━━━ Material provided ━━━

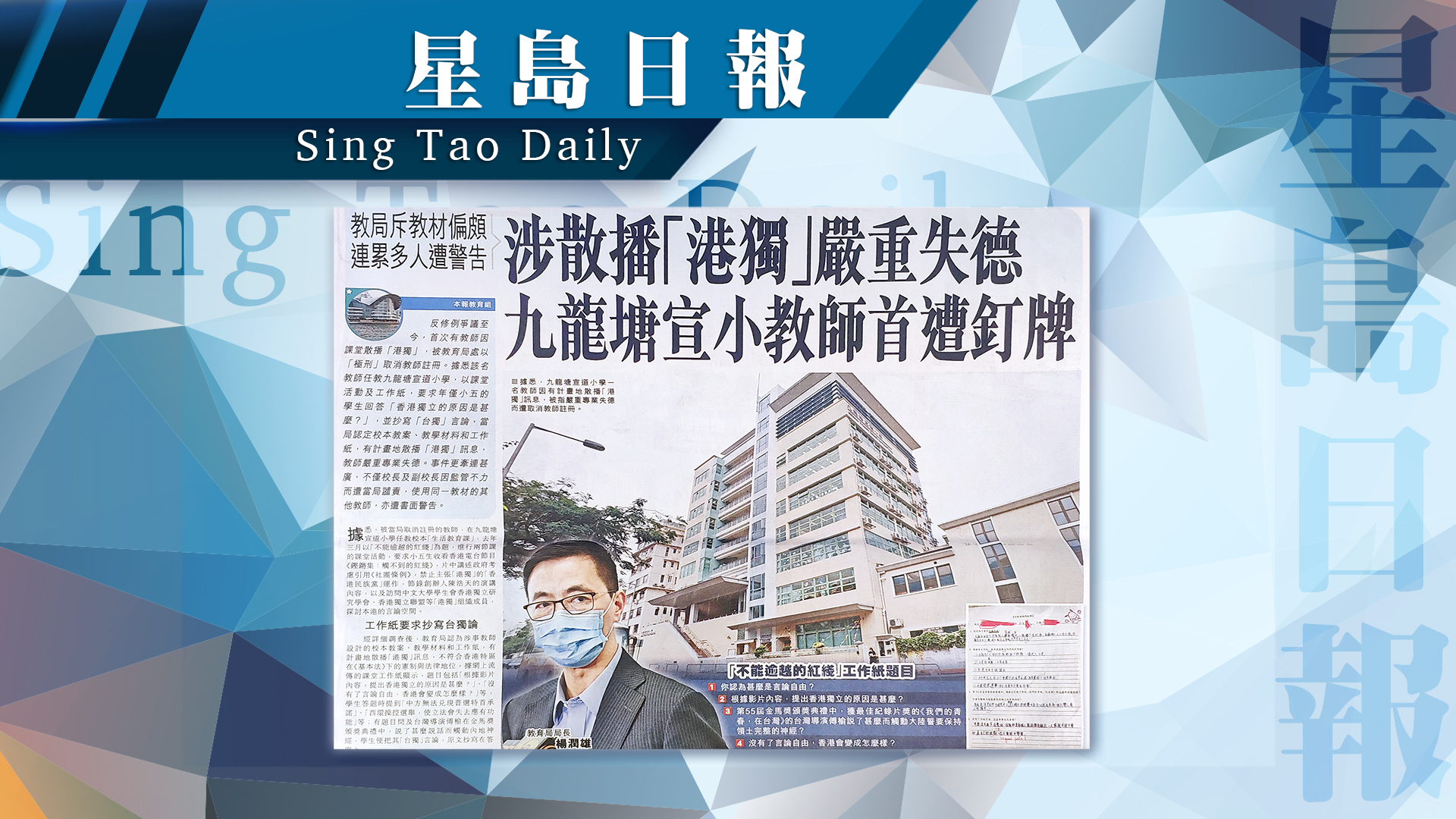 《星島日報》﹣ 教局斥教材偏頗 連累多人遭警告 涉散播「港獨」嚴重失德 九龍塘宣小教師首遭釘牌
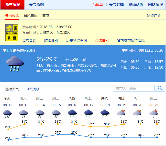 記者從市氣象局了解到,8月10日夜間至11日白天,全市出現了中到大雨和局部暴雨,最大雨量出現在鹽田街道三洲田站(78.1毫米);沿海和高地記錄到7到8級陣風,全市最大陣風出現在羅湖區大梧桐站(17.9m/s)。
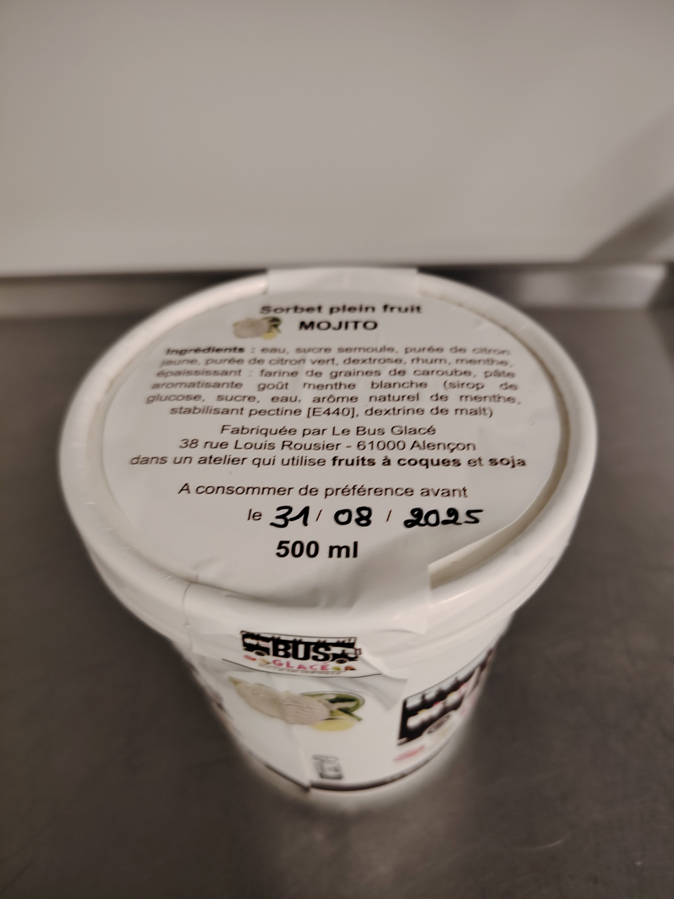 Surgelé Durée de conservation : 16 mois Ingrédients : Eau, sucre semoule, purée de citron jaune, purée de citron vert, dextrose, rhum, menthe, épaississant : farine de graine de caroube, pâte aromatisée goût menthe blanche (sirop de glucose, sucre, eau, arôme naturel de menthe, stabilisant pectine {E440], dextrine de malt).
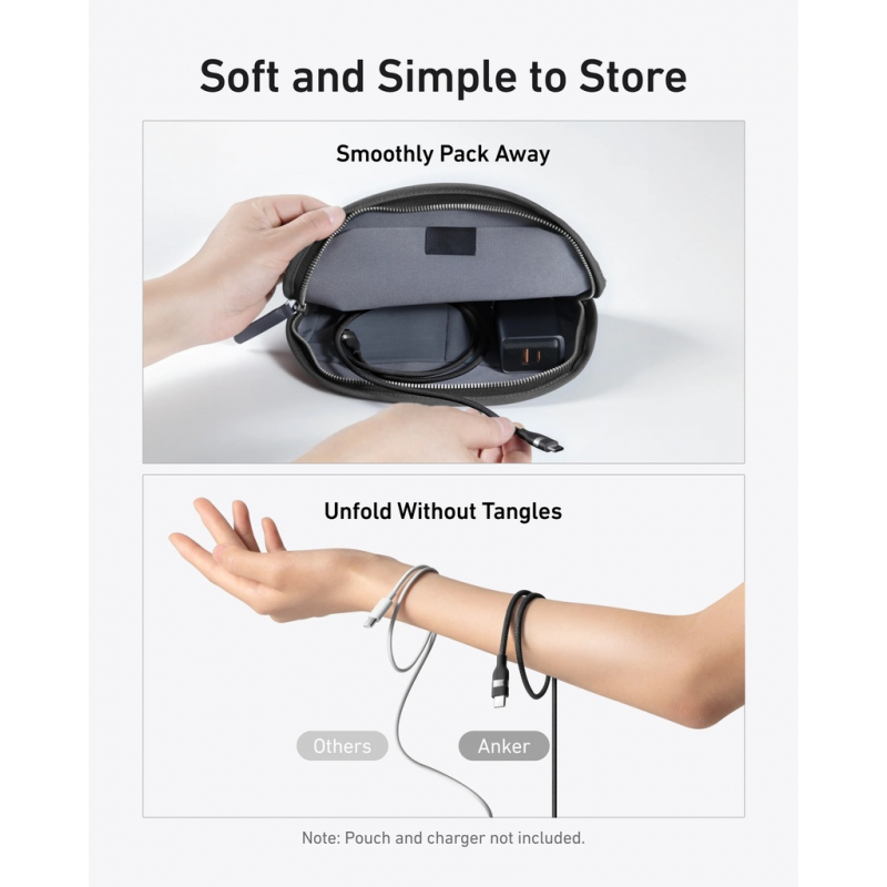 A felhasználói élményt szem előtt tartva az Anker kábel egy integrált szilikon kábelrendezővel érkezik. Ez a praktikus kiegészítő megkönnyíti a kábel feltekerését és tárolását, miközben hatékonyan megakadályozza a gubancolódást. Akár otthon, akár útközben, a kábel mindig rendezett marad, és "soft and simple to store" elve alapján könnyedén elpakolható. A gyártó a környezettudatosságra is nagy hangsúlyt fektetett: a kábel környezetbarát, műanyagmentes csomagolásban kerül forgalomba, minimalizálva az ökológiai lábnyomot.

━━━

Set out exactly, and only, the lines between the first line of the listing and the line containing "記者從市氣象局了解到,8月1", counting both, while leaving every picture out.

 《星島日報》﹣ 教局斥教材偏頗 連累多人遭警告 涉散播「港獨」嚴重失德 九龍塘宣小教師首遭釘牌
 記者從市氣象局了解到,8月10日夜間至11日白天,全市出現了中到大雨和局部暴雨,最大雨量出現在鹽田街道三洲田站(78.1毫米);沿海和高地記錄到7到8級陣風,全市最大陣風出現在羅湖區大梧桐站(17.9m/s)。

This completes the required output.